Enginerding
My father had degrees in engineering, something military, and business. He was also a carpenter, electrician, and cabinet and fine furniture maker.
I learned to look at things from watching him work.
At University, I was a teaching assistant (TA). We graded papers and programs, taught labs, and sometimes presented lectures.
This was a great way to learn, and I loved doing it. I still love teaching.
One of the computer science professors started in the psychology department. Since computers were relatively new, he became interested in them as a psychology problem. To that end, he wrote a textbook about programming. He then requested and was assigned to teaching CPS300 FORTRAN for Engineers.
This was a large lecture hall with around 300 to 400 students in it. Labs were taught by TAs.
His big thing was flow charting. Everybody loved flowcharts at that time. And he had some of the most beautiful flowcharts I’ve ever seen.
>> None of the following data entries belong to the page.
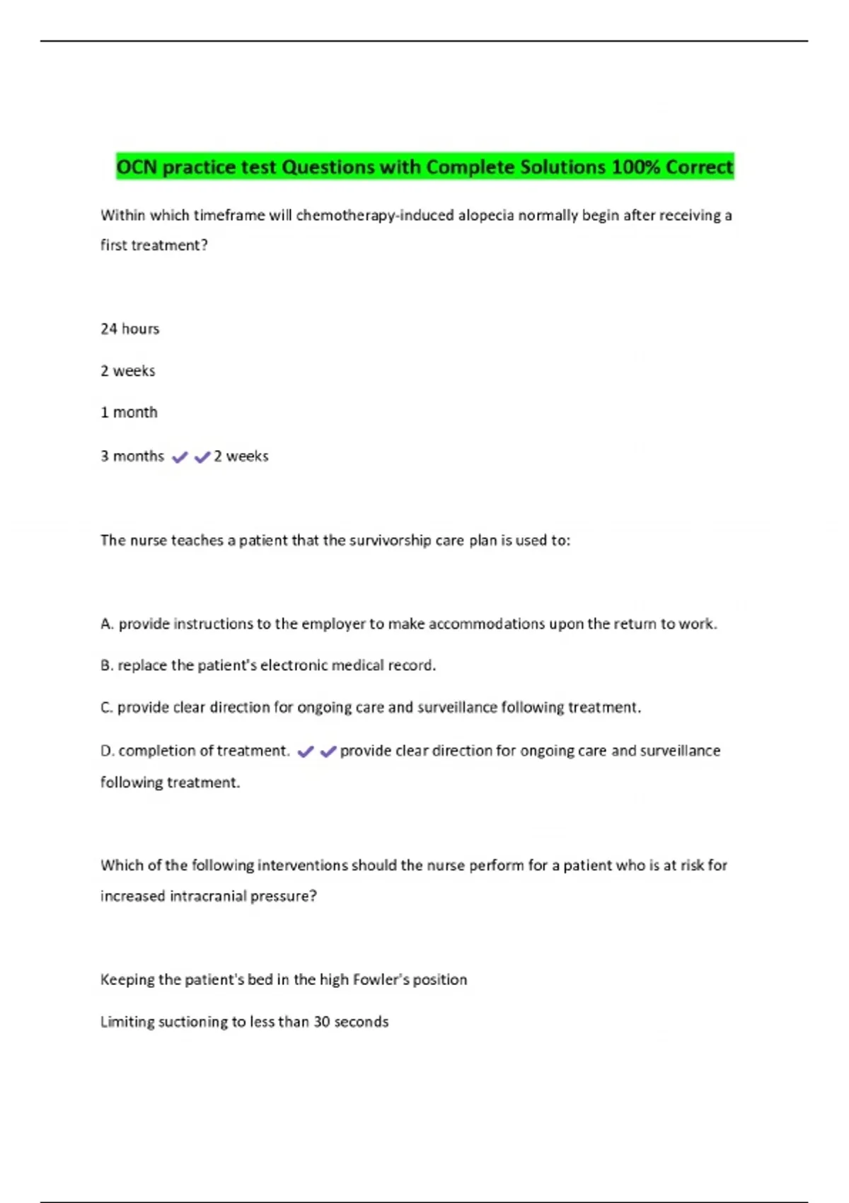 OCN practice test Questions with Complete Solutions 100% Correct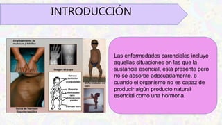 El documento trata sobre las enfermedades carenciales, incluyendo el escorbuto por déficit de vitamina C, el beri-beri por déficit de vitamina B1, y la pelagra por déficit de vitamina B3. Describe las causas, síntomas y métodos de prevención de estas enfermedades, así como los mecanismos de acción de las vitaminas involucradas. También menciona otros déficits como el de ácido fólico, vitamina B2 y vitamina D.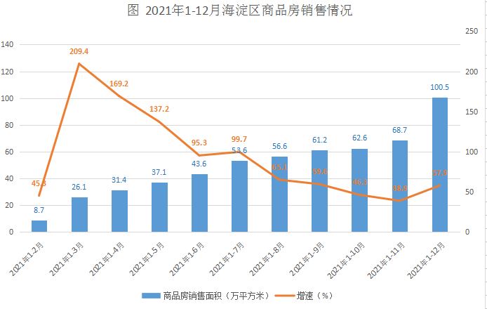2021年1-12月,海淀區(qū)商品房銷售面積100.5萬平方米,同比增長57.9%。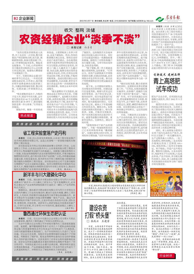 根據(jù)協(xié)議,湖北新洋豐肥業(yè)股份有限公司與四川大學(xué)將在關(guān)注國(guó)內(nèi)外磷化工行業(yè)的發(fā)展動(dòng)向、解決行業(yè)技術(shù)難題、磷化工項(xiàng)目研發(fā)、人員培訓(xùn)、科研教學(xué)實(shí)踐基地等方面開(kāi)展全面戰(zhàn)略合作。新洋豐肥業(yè)作為全國(guó)最大的復(fù)合肥和磷酸一銨生產(chǎn)企業(yè),通過(guò)與多家科研院所開(kāi)展產(chǎn)學(xué)研合作,正逐步形成自身的技術(shù)優(yōu)勢(shì)、團(tuán)隊(duì)優(yōu)勢(shì)、管理優(yōu)勢(shì)、市場(chǎng)優(yōu)勢(shì)。該研發(fā)中心將研發(fā)貼近市場(chǎng)需求的新產(chǎn)品,引導(dǎo)行業(yè)發(fā)展,并力爭(zhēng)用 3-5 年的時(shí)間,建成省級(jí)以上磷化工工程技術(shù)研發(fā)中心。

Mostly because he was using Nassi-Shneiderman Digrams. These things show program structure clearly, making it trivial to verify the correct functioning of the flowchart.
The problem with them is that they are almost impossible to modify. You didn’t so much modify them as rewrite them.
As engineering students, we were taught piecewise progression. You know where you are, you have an idea of where you want to be, so you take a step in that direction. Verify that the step got you closer; iterate until you are there.
If it becomes impossible to proceed, you backtrack and try again until you reach your goal.
Professor Hans Lee wasn’t an engineer. He was a psychology dude. About a third of the way through the first term working with him, I had a private conversation with him. The gist of the conversation was, “How do you write programs? What do you do when your program doesn’t work?”
His answer was that he visualizes the complete Nassi-Shneiderman, draws it out, and then translates that into code. And if the program doesn’t work, he “throws that design out” and creates a new version.
I had to explain to him that his students were not creating the flowcharts first; they were using the flowcharts to document the code they had already written and proven out. And that as engineers, they were all taught a piecewise problem solving method. His methods might work for the general student body, but for engineers it was a bad fit.
This was the first time I actually vocalized a part of being an engineer actually means.
One of the things I do at The Fort is “fixing” things. Here’s the problem with that: many of the things that exist at the fort don’t have Google pages telling you how to use them. They certainly don’t have IKEA instruction manuals on how to put them together. And many of them are broken, repaired badly, or missing parts.
So I look at things and figure out how they go together and how they work. For me, it just makes sense that tab A goes into slot A. I have been told that most people can’t identify “slot A” or “tab A,” much less that the two go together.
This played out last weekend when I stopped at The Fort; they had a newly donated great wheel plus some parts to go with it. I went over to give it the once-over to determine its condition and what we would need to do to get it back in production.
The answer seems to be replacing two leather axel holders, two leather adjuster holders and putting new drive string on.
The thing that happened, was that as I looked at the wheel and parts, it was obvious to me how the pieces should align. But the kicker in fitting two pieces together was a notch in one of the pieces.
The first rule is that any cut or extra work was done for a reason. The spokes are turned down for a reason: to make the wheel more responsive. The little grooves are for beauty.
Given that rule, why is there a notch cut in that part? What does it do? Some craftsman spent the time to put the notch there. Why are those risers threaded? Making a threaded hole in wood and the matching screw is extra work.
Why is the axle bearing for this part in a separate peg instead of being a part of the riser?
Each of these questions leads to only one answer.
The notch is so that the spindle drive pulley has enough room to run freely. The riser posts are threaded to be able to adjust the tension on the drive string. The separate pegs to hold the axle bearings (holes in the pegs) are so that they rest on top of the risers and the risers can be adjusted.
It all makes perfect sense, once you know what to look for.
Politics And Engineering
When something happens, politicians want to be seen addressing the problem, right now, in very public view. The issue is often that they have no idea what the problem or issue actually is. Instead, they have feelings about what the cause of the issue is.
So they propose a change. What they don’t do is look at what the possible results might be. Instead they focus on what they want the results to be, becoming blind to potential failure or, at best, a waste of taxpayer money.
The problem with most bills is that they are experiments with our freedoms, our livelihood, and our search for happiness. They never seem to have a plan for what to do if their experiment fails. Or if they do, it is mostly “throw more money at it.”